L’attacco del mezzo aereo invisibile e privo di guida umana a bordo durò meno di trenta secondi. Quando il fumo si diradò, ogni uomo rimasto allo scoperto, compreso Douglas Poe, era morto.

Paul Janson non riusciva a spiegarsi cosa stesse accadendo. Chi poteva avere inviato i Reaper, se non il Pentagono o il Dipartimento di Stato degli Stati Uniti? In teoria, l’unico motivo che giustificasse il loro coinvolgimento avrebbe dovuto essere il petrolio dell’Africa occidentale.

Ma in realtà, alla Isle de Foree, con il suo governo corrotto, pozzi, oleodotti e raffinerie erano decrepiti, e le riserve petrolifere della nazione stavano calando, così come quelle della Nigeria. Tutte le potenziali nuove riserve di petrolio erano già assegnate nei giacimenti sottomarini al largo dell’Angola, milleseicento chilometri più a sud. Per l’America, andare a immischiarsi nelle confuse guerre tribali dell’Africa occidentale sembrava un’avventura rischiosa, e il tornaconto piuttosto scarso. Tuttavia Doug Case poteva aver mentito, quando gli aveva assicurato che l’incarico di recuperare il medico non c’entrava con le riserve di petrolio.

Se i Reaper non erano americani, forse un ente privato era riuscito in qualche modo ad avere accesso alla tecnologia necessaria alla realizzazione di un drone? Sembrava molto improbabile. Il Reaper era solo l’elemento finale di un sistema militare basato sul controllo a distanza attraverso satelliti orbitanti. Tutto questo era distante anni luce dalle capacità di Paesi come la Nigeria o l’Angola. Persino la Cina difficilmente avrebbe potuto aspirare a un risultato simile.
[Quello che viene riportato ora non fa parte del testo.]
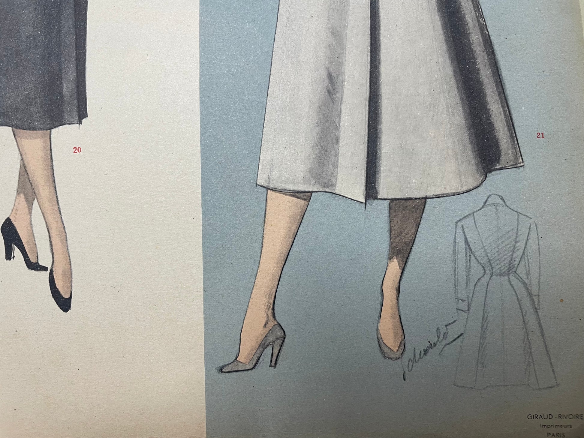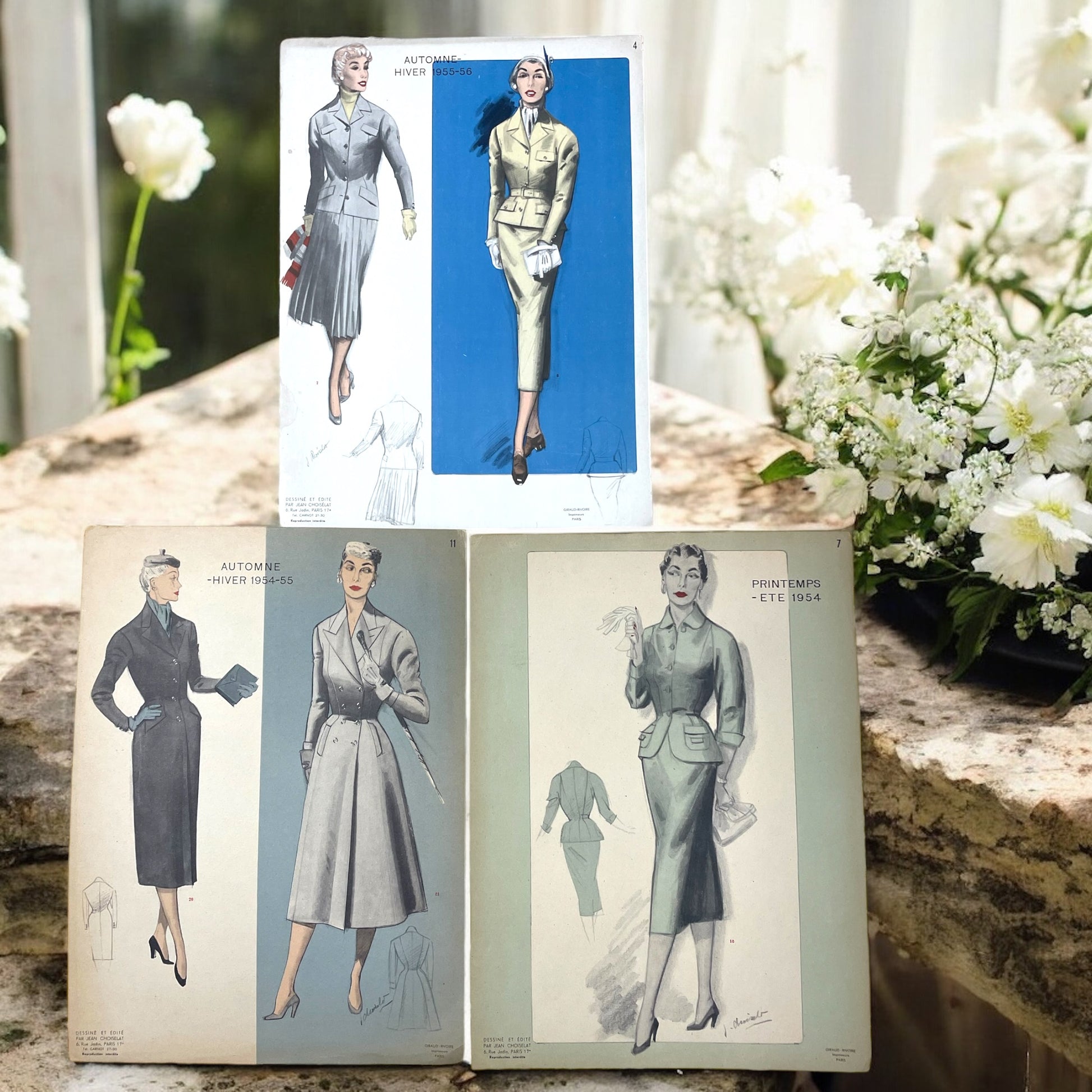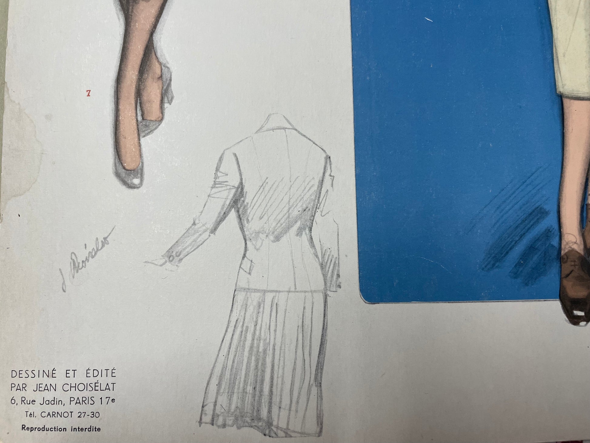 fantastico tris di bozzetti moda, si tratta di tre grandi stampe di modisteria realizzate dall’inimitabile Jean Choiselat - sono stampe di cui è vietata la riproduzione, ne esistono quindi pochi esemplari, tutti numerati. ci illustrano la moda della primavera estate del 1955 e della stagione autunno inverno 1954-1955. Inutile descrivere l’eleganza di queste donne perché le immagini parlano da sé: perfette da incorniciare, da esporre in un atelier o in un qualsiasi ambiente voglia vantare un pezzo esclusivo della storia della moda, proveniente direttamente da Parigi. Le dimensioni: 36 x 26 cm ciascuna. Sulla numero due presente un tratto di penna.

Eppure lì stava succedendo qualcosa di grosso, su questo non c’erano dubbi. Il Reaper dava a chiunque lo possedesse un potere di controllo del territorio e distruzione quasi soprannaturale. E Janson doveva scoprire al più presto chi era la mente invisibile nascosta dietro quella macchina di morte.

Nella radura in basso, dove giacevano i resti fumanti dell’esercito di Iboga, i combattenti dell’FFM cominciarono cautamente a uscire dai loro rifugi, ammutoliti per lo stupore. Si muovevano tra i cadaveri dei soldati che solo pochi minuti prima si aggiravano minacciosi nel campo, e osservavano sconcertati le lamiere contorte dei tank distrutti. Un uomo raccolse da terra un fucile d’assalto e lo lasciò subito ricadere con un grido, scottato dal metallo incandescente. Un altro scoppiò a ridere e iniziarono tutti a festeggiare la vittoria inattesa.

Dal suo punto di osservazione nella foresta, sopra la radura, Janson sentì levarsi una nuova ondata di grida e acclamazioni, e vide i ragazzi correre verso di lui sul sentiero, trasportando la barella di Ferdinand Poe. Il leader dei ribelli era vigile e si guardava intorno con occhi ardenti, sollevato su un gomito. Terrence Flannigan, ansioso, stava a fianco della barella, cercando inutilmente di convincere il paziente a rimettersi giù. Superarono Janson e tornarono all’accampamento da cui si erano allontanati solo pochi minuti prima. L’ultima a sbucare dagli alberi fu Jessica Kincaid, con l’MP5 ad armacollo.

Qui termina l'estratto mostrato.